Abstract
IntroductionCirculating tumor DNA (ctDNA) has become a well-established dynamic biomarker in Large B Cell Lymphoma (LBCL). Previous studies have shown that decrease in ctDNA quantities after standard R-CHOP treatment is significantly correlated with prognosis (Kurtz et al, Blood 2015 and Kurtz et al, J Clin Oncol 2018). However, no studies have described the very early kinetics of ctDNA following immunochemotherapy. Moreover, low-pass whole-genome sequencing (lpWGS) of cfDNA can identify DNA copy number alterations (CNAs) and be used to define focal CNA score (FCS). High FCS, denoting genomic instability, has been shown to be linked to inferior response rates to CAR-T therapy for LBCL patients (Cherng et al, Blood 2022). We developed a prospective clinical trial, LYMPHOCLEAR, which included 24 LBCL patients with planned first-line (L1) R-CHOP treatment, for whom ctDNA samples were taken at multiple timepoints within the first 48 hours post R-CHOP and at C2D1. We sought to describe early ctDNA kinetics and propose a clinically relevant model in order to potentially identify a prognostic early ctDNA analysis timepoint. We also sought to describe variants at each timepoint to see whether distinct natural evolutions could be observed very early post R-CHOP. We sought to evaluate whether the impact of FCS on response could be observed at very early timepoints.
Patients and Methods We included 24 LBCL patients (17 DLBCL, 4 PMBL, 2 HGBCL, 1 B Cell lymphoma NOS) who required hospitalization for C1 R-CHOP, according to their physician's decision. Median age was 64.5 years (range 24-85). IPI was 1-2 for 30.4% of patients and 3-5 for 69.6%. Ann Arbor stage was 4 in 70.8% of patients, with bulky mass in 29%. We performed capture-based NGS and lpWGS using DNA extracted from patient plasma samples at H0, H4, H8, H12, H16, H24 and H48 post R-CHOP initiation and at C2D1. All patients had a FDG PET-CT performed at baseline, post C2 and at end of treatment (EOT). Total Metabolic Tumor Values (TMTV) were measured using a fixed SUVmax > 4 threshold. A latent class mixed model (LCMM) was used to modelize ctDNA kinetics and delineate groups of patients with similar trajectories (Proust-Lima et al, J. Stat. Softw. 2017).

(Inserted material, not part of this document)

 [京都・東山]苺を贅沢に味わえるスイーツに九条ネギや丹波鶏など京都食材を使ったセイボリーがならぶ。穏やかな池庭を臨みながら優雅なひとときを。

Results The application of a LCMM segregated four classes of ctDNA kinetics with robust statistical characteristics: Bayesian Information Criterion (BIC) was 330 and the post-hoc probability of a patient belonging to a specific class was close to 0.9. Classes 1 (n=3) and 2 (n=2) had lower baseline ctDNA values (median log 10 1.71 and 0.72 respectively) but class 1 had decreasing values from H0 to H48 while class 2 had increasing values from H0 to H48. Classes 3 (n=5) and 4 (n=14) had higher baseline ctDNA values (median log 10 3.42 and 3.21 respectively) but ctDNA quantities increased from H0 to H48 in class 3 whereas they decreased in class 4. Classes 1 and 2 had lower baseline TMTV and LDH than classes 3 and 4 (TMTV: 370.2cm3 and 61.1cm3 respectively versus 1347.3cm3 and 703.1cm3 and LDH: 212 and 220 respectively versus 775 and 340), also highlighting their lower tumor burden.

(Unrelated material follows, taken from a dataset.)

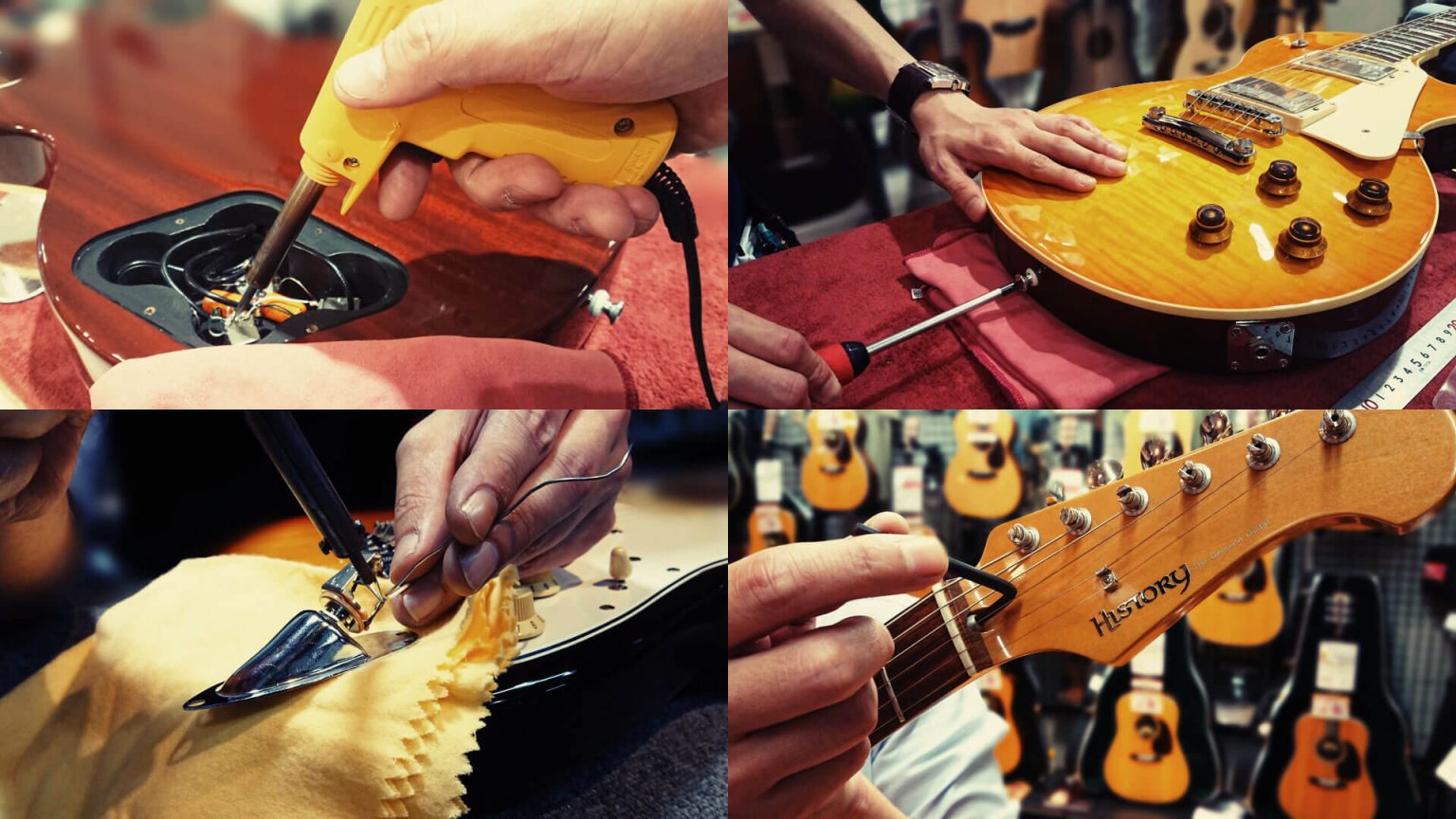 ギターは長く付き合うパートナー。当店にはメンテナンス技術を持つスタッフが常駐しており、日々のコンディションチェックを行っています。

We confirmed that patients with Deauville score (DS) 4-5 at PET2 had significantly higher ctDNA quantities at C2D1 than patients with DS 1-3 (p=0.0048). Interestingly, we also showed that ctDNA values at H4 tend to be higher in patients with positive PET2 and that median ctDNA variant allele frequency at H4 was higher in patients with DS 4-5 at EOT PET.As expected, FCS was positively and strongly correlated to ctDNA quantities and tended to be higher in patients with DS 4-5 at EOT PET. Additional data regarding cfDNA fragmentome evolution at these early timepoints will be reported. As compared to baseline profiles, we observed that additional mutations over time mainly targeted intronic and µ Switch regions, suggesting very early enrichment of ctDNA by additional subclones following immuno-chemotherapy.

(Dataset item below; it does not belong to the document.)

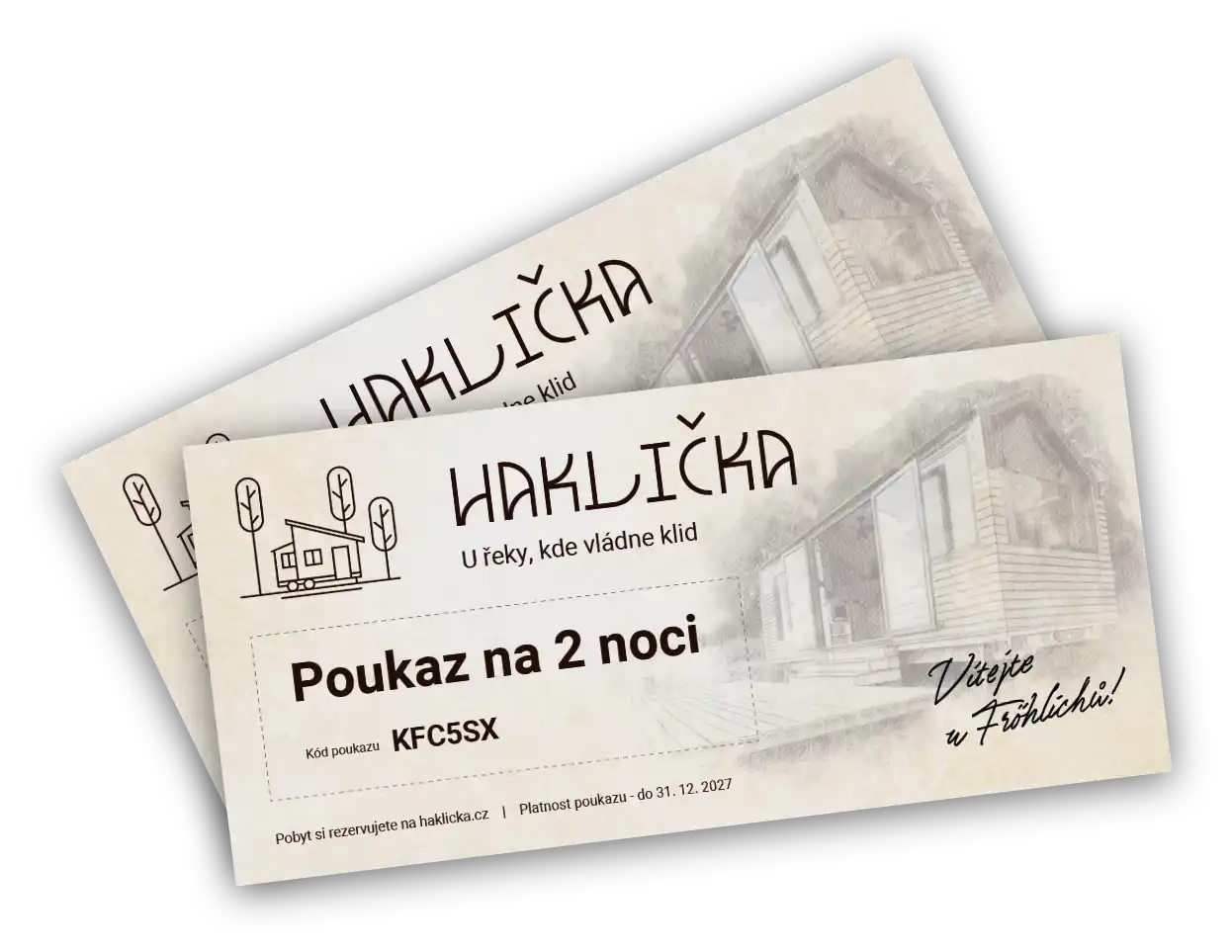 Nabízíme dárkové poukazy na pobyt v našem tinyhousu — malém útočišti u slepého ramene řeky, kde se čas zpomaluje a člověk znovu slyší vlastní dech. Poukaz můžete věnovat v libovolné hodnotě a obdarovaný si svůj pobyt vybere kdykoliv během roku. Je to dárek, který neplní poličky, ale mysl klidem: pár dní u vody, uprostřed stromů a ticha, na místě, kde se opravdu dá odpočívat.

ConclusionsWe have shown that it is possible to describe the kinetics of ctDNA quantities and variant types in the first 48 hours post R-CHOP treatment initiation, leading to the identification of 4 patient classes, as well as the observation of very early ctDNA enrichment by additional subclones. We confirmed known impact of C2D1 ctDNA quantity but also highlighted potential impact of H4 ctDNA quantity and VAF on patient response. If confirmed in a larger cohort, this would allow for exceedingly early detection of poor responders to L1 R-CHOP.